# ABOUT THIS TASK
Look below for the line that has "Edition de l'année"; output exactly from it through the line that has "通过上文大家可以知晓,在山西", and leave the pictures out.

Start of Block

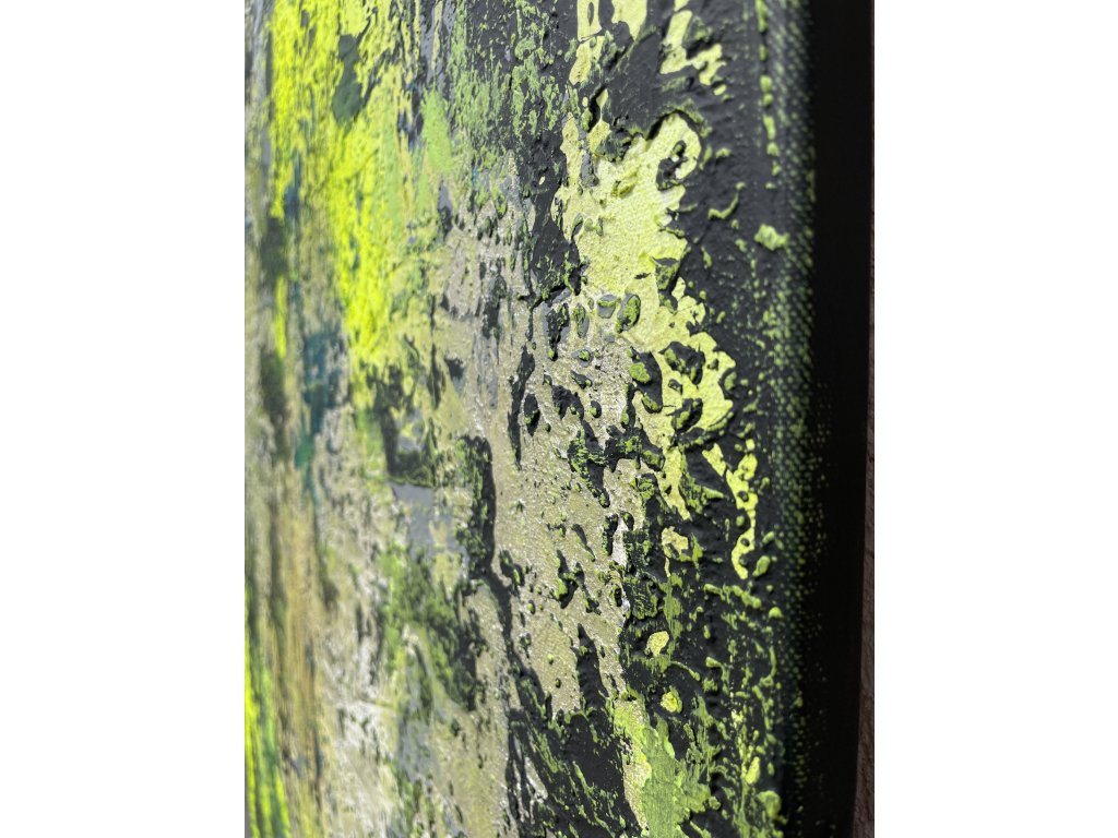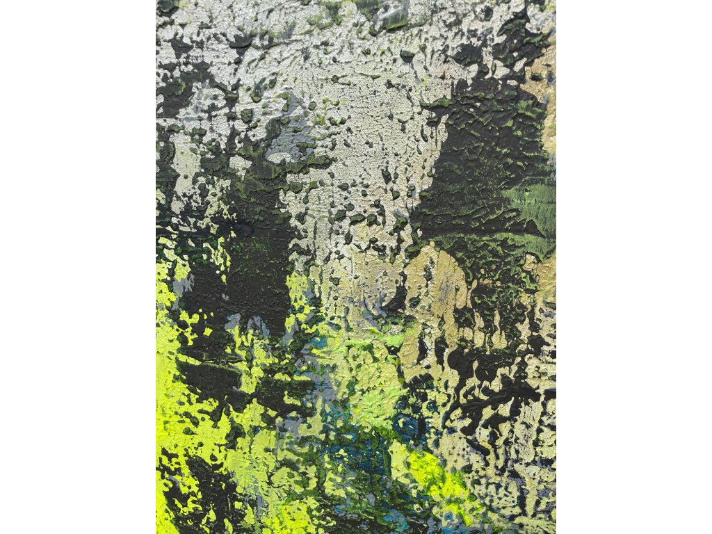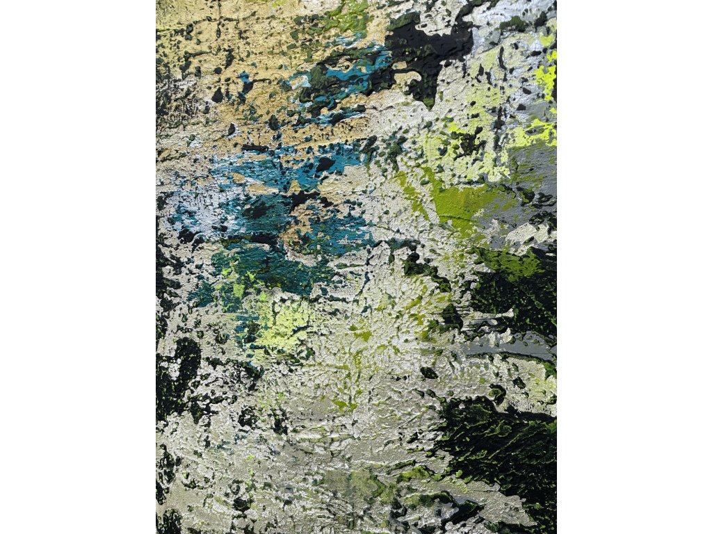 Az esőerdő buja zöldje és a nyugodt tó kék tónusai harmonikus kapcsolatot teremtenek a környezettel, elmélyülésre és meditációra hívva a szemlélőt. Ez a modern absztrakt alkotás a természethez való mély kötődést és a belső nyugalom megtalálását sugallja, tökéletes kiegészítője lehet harmonikus, nyugodt enteriőröknek. Az alkotás mérete 90x100 cm.
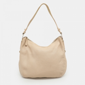 Aigner Light Beige Logo Embossed Leather Charm Hobo
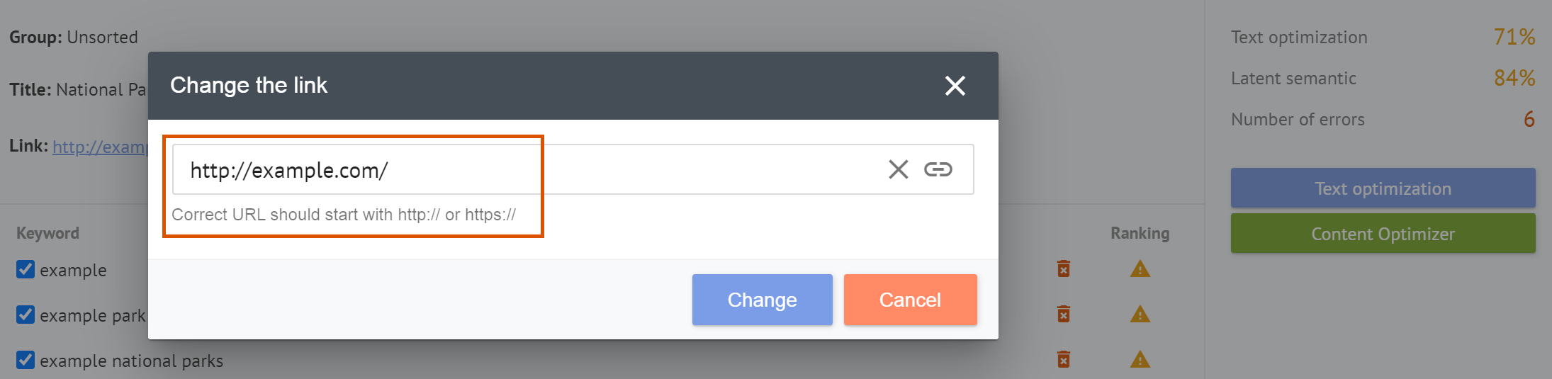 चौथे, एक नई स्क्रीन खुलेगी जहां आप कीवर्ड समूह का URL बदल सकते हैं। बस URL संपादित करें, और "चेंज" पर क्लिक करें। आपका चयनित कीवर्ड समूह अब इसके साथ एक नया पेज URL संबद्ध होगा:
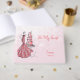 Mode dessinée à la main illustration d'une femme en robe rose avec un gros gâteau recouvert de magnolias. L'Arrière - plan est rose et pétillant. Les mots "Joyeux anniversaire" et votre nom peuvent être customisés facilement en cliquant sur le bouton abc. Illustré et conçu par © Janin f.
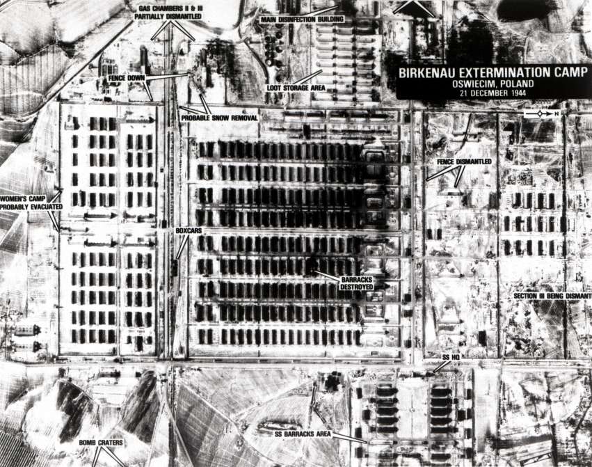Aerial reconnaissance photograph of Auschwitz concentration camp showing Birkenau Extermination Camp
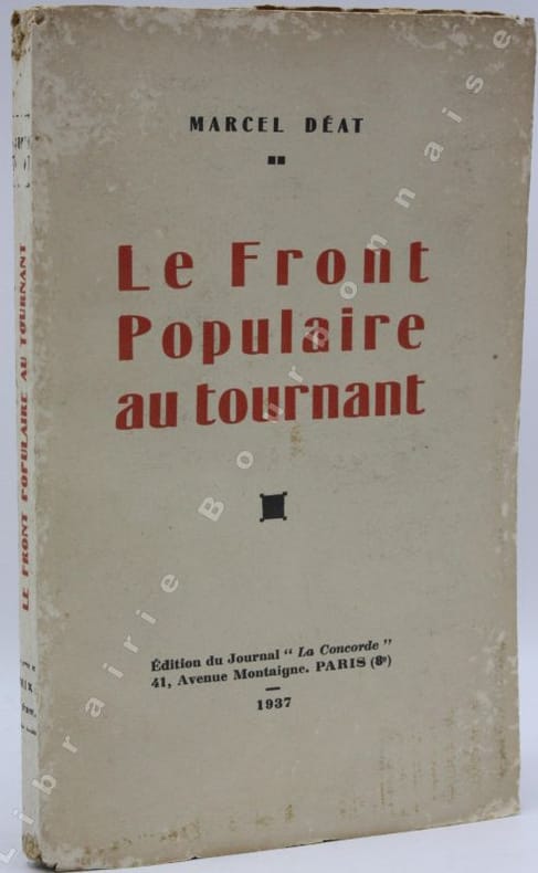 Edition de l'année de l'originale, mention de mille. Quelques rousseurs sur les plats. Rare envoi autographe daté et signé de Marcel Déat à Emile Périn. - Photographies et détails sur www.Edition-Originale.com -
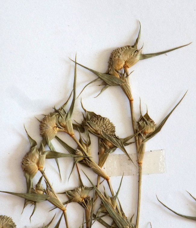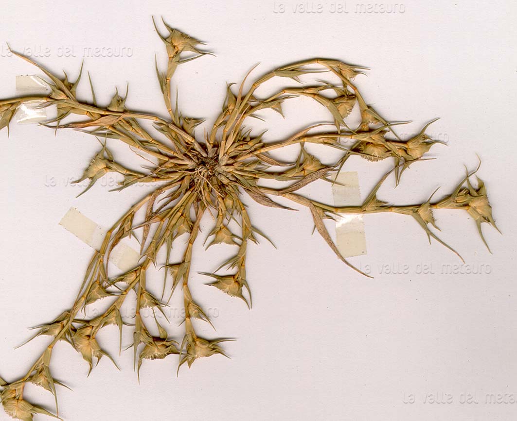Pianta erbacea annua (T scap) di 5-40 cm. Si distingue per le foglie fiorifere a lunga spina, inguainanti l’infiorescenza a capolino.
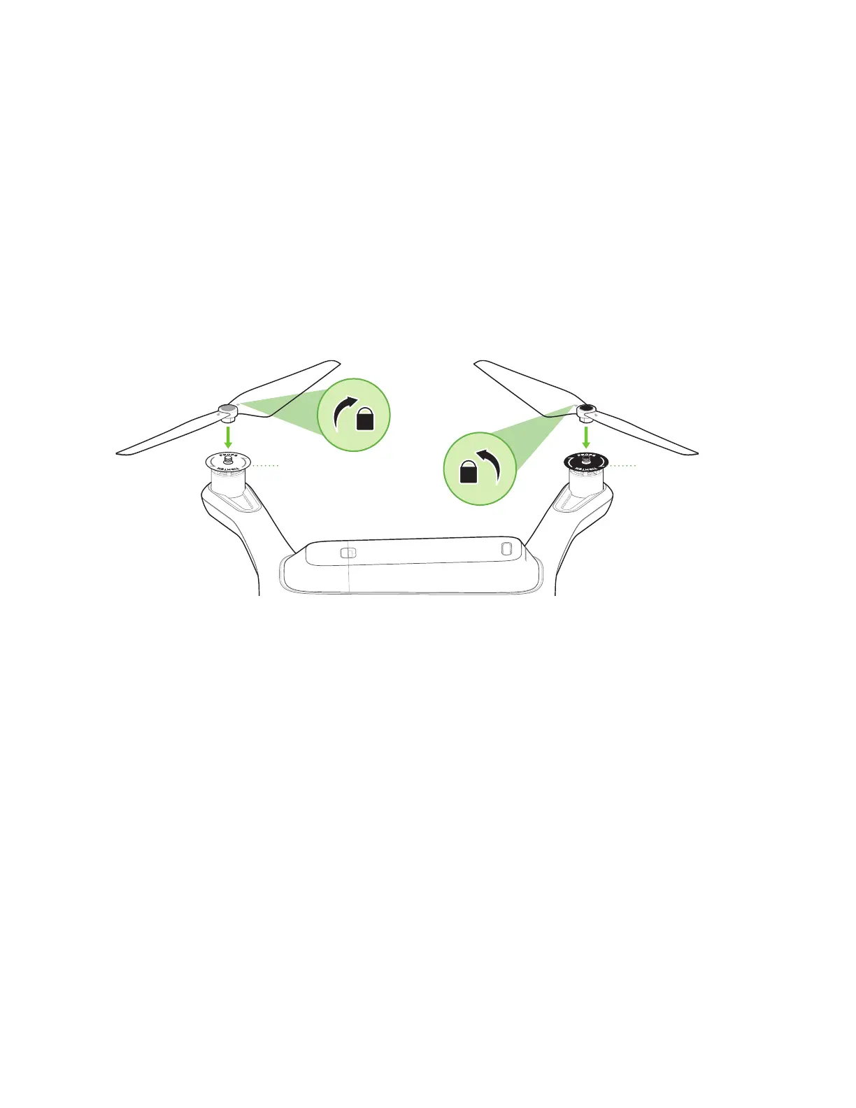 dans le sens inverse des aiguilles d’une montre. Vérifiez les icônes de verrouillage/déverrouillage sur chaque hélices
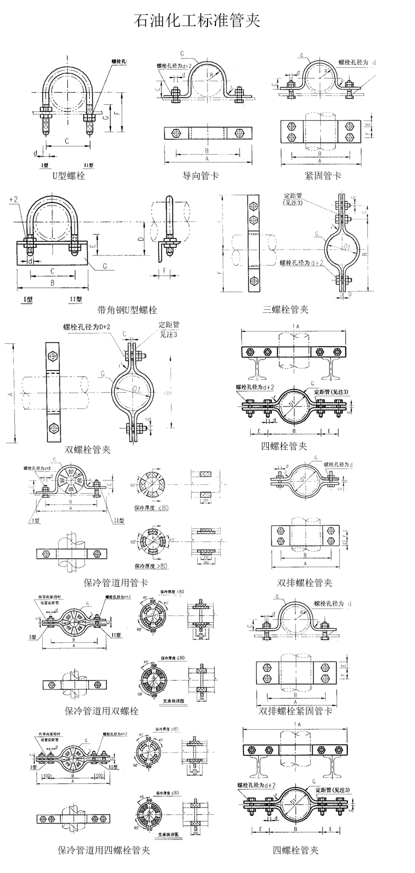 A1 U型螺栓;A2 U型螺栓(帶角鐵);A3導向管卡;A4 緊固管卡;A5 基準型雙螺栓管夾;A6 重型雙螺栓管夾;A7 三螺栓管夾;A8三螺栓管夾(支托用);A9 雙排螺栓管夾;A10四螺栓管夾;A11雙排螺栓壓緊管夾;A12 管卡(保冷管道);A13 雙螺栓管夾(保冷管道);A14 四螺栓管夾(保冷管道)。
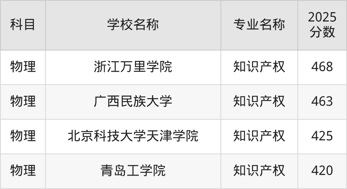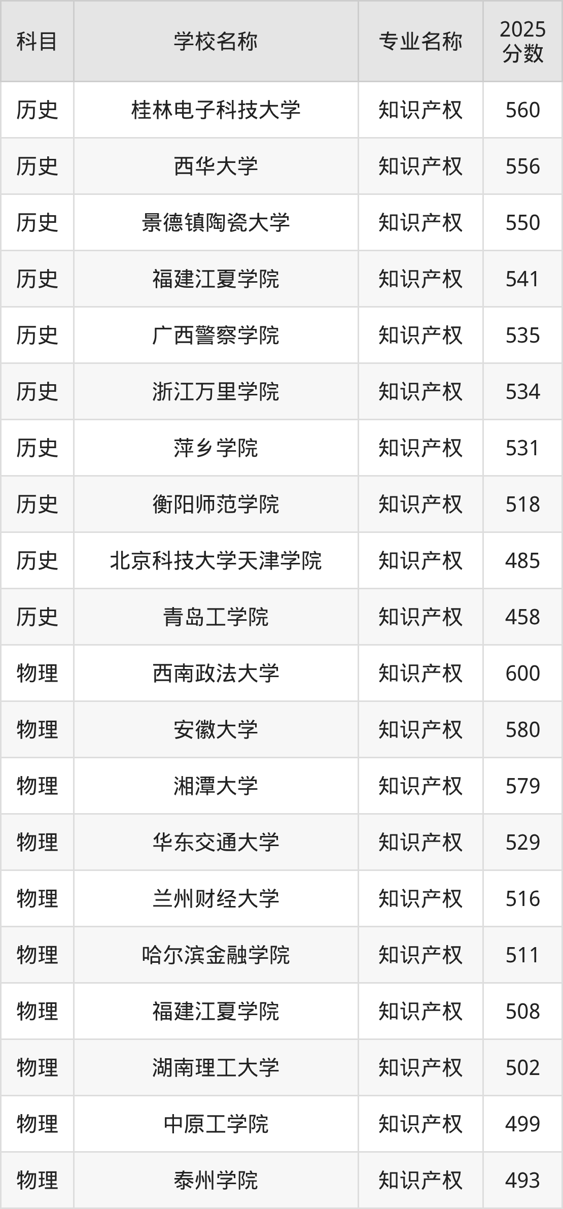 通过上文大家可以知晓,在山西省内招知识产权专业的院校数量较少,所以下文将为2026届高考生继续展示:省外大学的知识产权专业2025年在山西高考的录取情况,包含桂林电子科技大学、西华大学、景德镇陶瓷大学、福建江夏学院、广西警察学院。
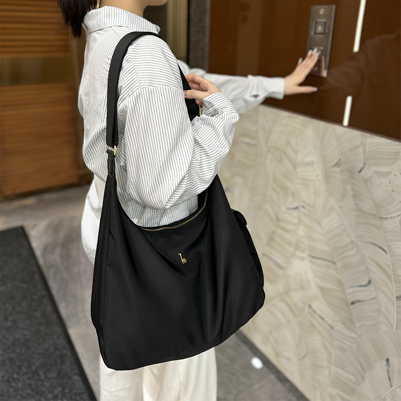 法式小众托特包大容量单肩腋下包百搭通勤包尼龙配真皮斜挎包手提
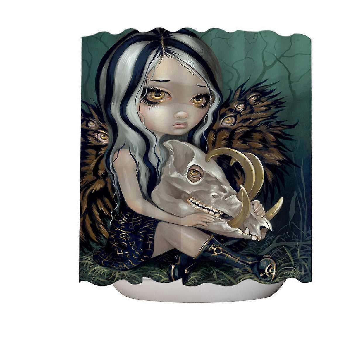 Scary Fantasy Art Girl and Babirusa Skull Shower Curtain
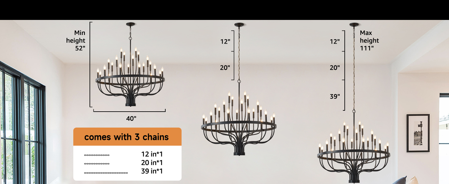 ارتفاع قابل للتعديل -- الثريا مجهزة بثلاث سلاسل تعليق، بقياس 12 بوصة، و20 بوصة، و40 بوصة على التوالي، بإجمالي 72 بوصة. يمكنك بسهولة ضبط الارتفاع بين 12 بوصة و72 بوصة. إذا كنت تريد أن تكون السلسلة أقصر من 12 بوصة، فما عليك سوى إزالة بعض الوصلات المعدنية من السلسلة. مناسبة بشكل خاص للأسقف المسطحة والمنحدرة والمقببة

End of Block

# WRITTEN REPLY
 Edition de l'année de l'originale, mention de mille. Quelques rousseurs sur les plats. Rare envoi autographe daté et signé de Marcel Déat à Emile Périn. - Photographies et détails sur www.Edition-Originale.com -
Pianta erbacea annua (T scap) di 5-40 cm. Si distingue per le foglie fiorifere a lunga spina, inguainanti l’infiorescenza a capolino.
 dans le sens inverse des aiguilles d’une montre. Vérifiez les icônes de verrouillage/déverrouillage sur chaque hélices
 A1 U型螺栓;A2 U型螺栓(帶角鐵);A3導向管卡;A4 緊固管卡;A5 基準型雙螺栓管夾;A6 重型雙螺栓管夾;A7 三螺栓管夾;A8三螺栓管夾(支托用);A9 雙排螺栓管夾;A10四螺栓管夾;A11雙排螺栓壓緊管夾;A12 管卡(保冷管道);A13 雙螺栓管夾(保冷管道);A14 四螺栓管夾(保冷管道)。
 通过上文大家可以知晓,在山西省内招知识产权专业的院校数量较少,所以下文将为2026届高考生继续展示:省外大学的知识产权专业2025年在山西高考的录取情况,包含桂林电子科技大学、西华大学、景德镇陶瓷大学、福建江夏学院、广西警察学院。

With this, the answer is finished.